Duda Hart Index (DHI)

The Duda index, also known as the D-index or Duda-Hart index, is a clustering evaluation metric that measures the compactness and separation of clusters. It was proposed by Richard O. Duda and Peter E. Hart in their book “Pattern Classification and Scene Analysis.”

The Duda index is defined as the ratio between the average pairwise distance within clusters and the average pairwise distance between clusters. A lower value of the Duda index indicates better clustering, indicating that the clusters are more compact and well-separated. Here’s the formula to calculate the Duda index:

Duda Index = (Average pairwise intra-cluster distance) / (Average pairwise inter-cluster distance)

To calculate the Duda index, you need the following steps:

Compute the average pairwise distance within each cluster (intra-cluster distance).
Compute the average pairwise distance between different clusters (inter-cluster distance).
Divide the average intra-cluster distance by the average inter-cluster distance to obtain the Duda index.

The Duda index is a useful metric for evaluating clustering results, particularly when the compactness and separation of clusters are important. However, it’s worth noting that the Duda index assumes Euclidean distance and may not work well with all types of data or distance metrics.
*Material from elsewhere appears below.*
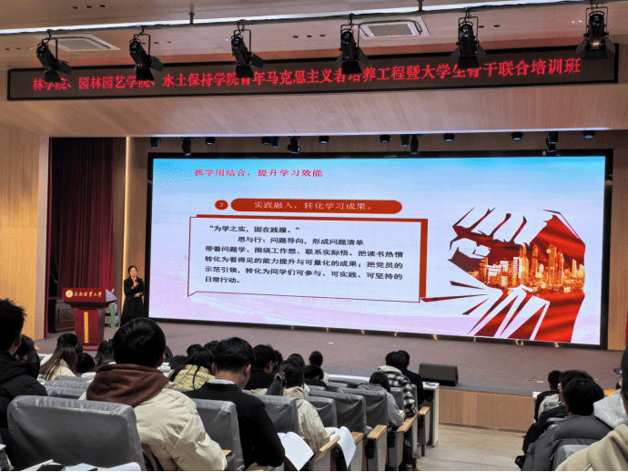 1月6日,林学院、园林园艺学院、水土保持学院青年马克思主义者培养工程暨大学生骨干联合培训班在图书馆大报告厅开班。三家学院党委副书记、团委书记、学生组织负责人以及288名青马学员参加开班仪式。
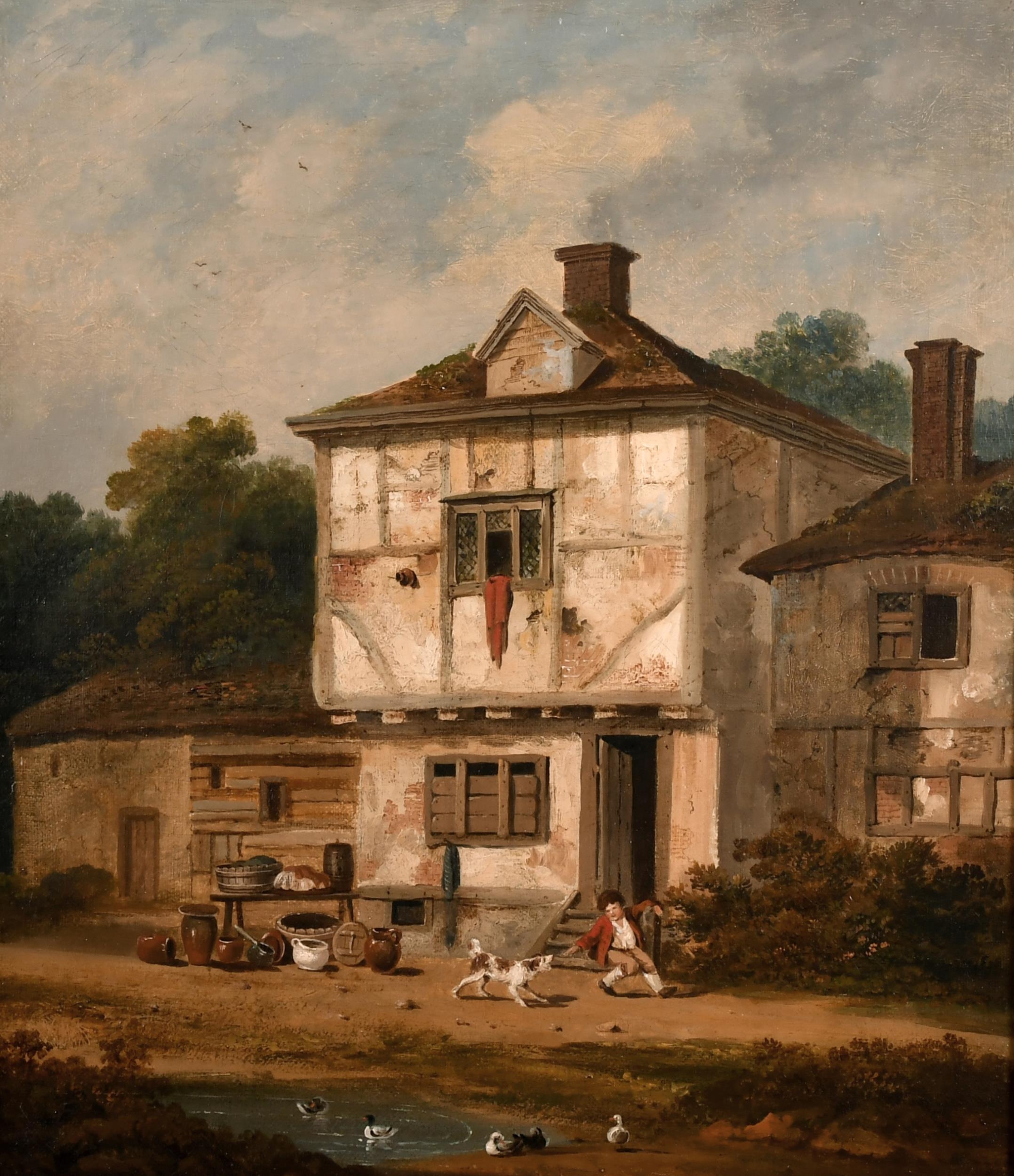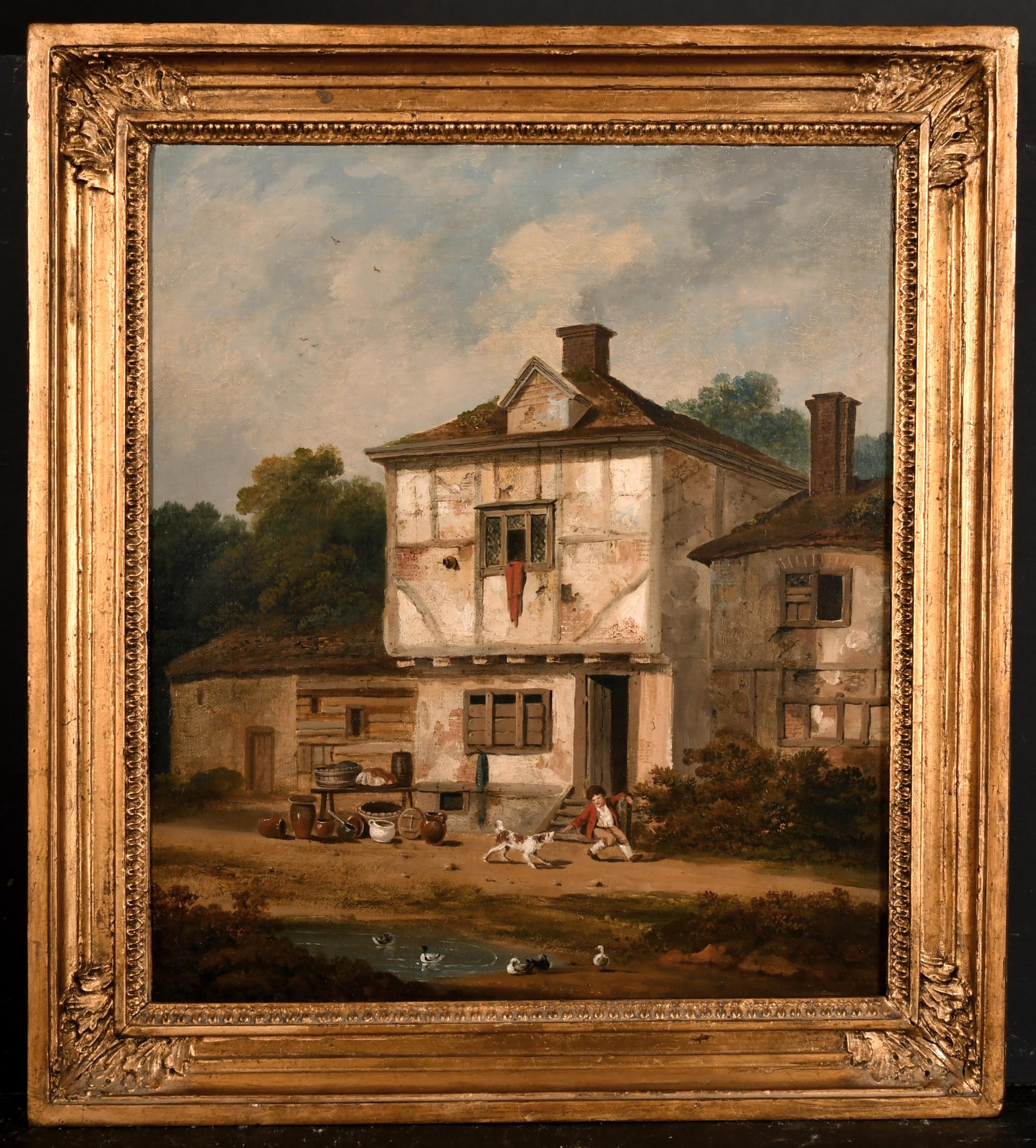 Michael Angelo Rooker (1743-1801) British. A Cottage Scene with a Young Boy playing with a Dog, Oil on Canvas, 16" x 13.75" (40.6 x 34.8cm)

When implementing the Duda index, you’ll need to calculate the pairwise distances between data points within and between clusters. You can use distance functions like Euclidean distance or other suitable distance metrics based on your specific problem and data characteristics.

Example:

import numpy as np
from permetrics import ClusteringMetric

## For integer labels or categorical labels
data = np.array([[1, 2], [3, 4], [5, 6], [7, 8], [9, 10]])
y_pred = np.array([0, 0, 1, 1, 1])

cm = ClusteringMetric(X=data, y_pred=y_pred)

print(cm.duda_hart_index())
print(cm.DHI())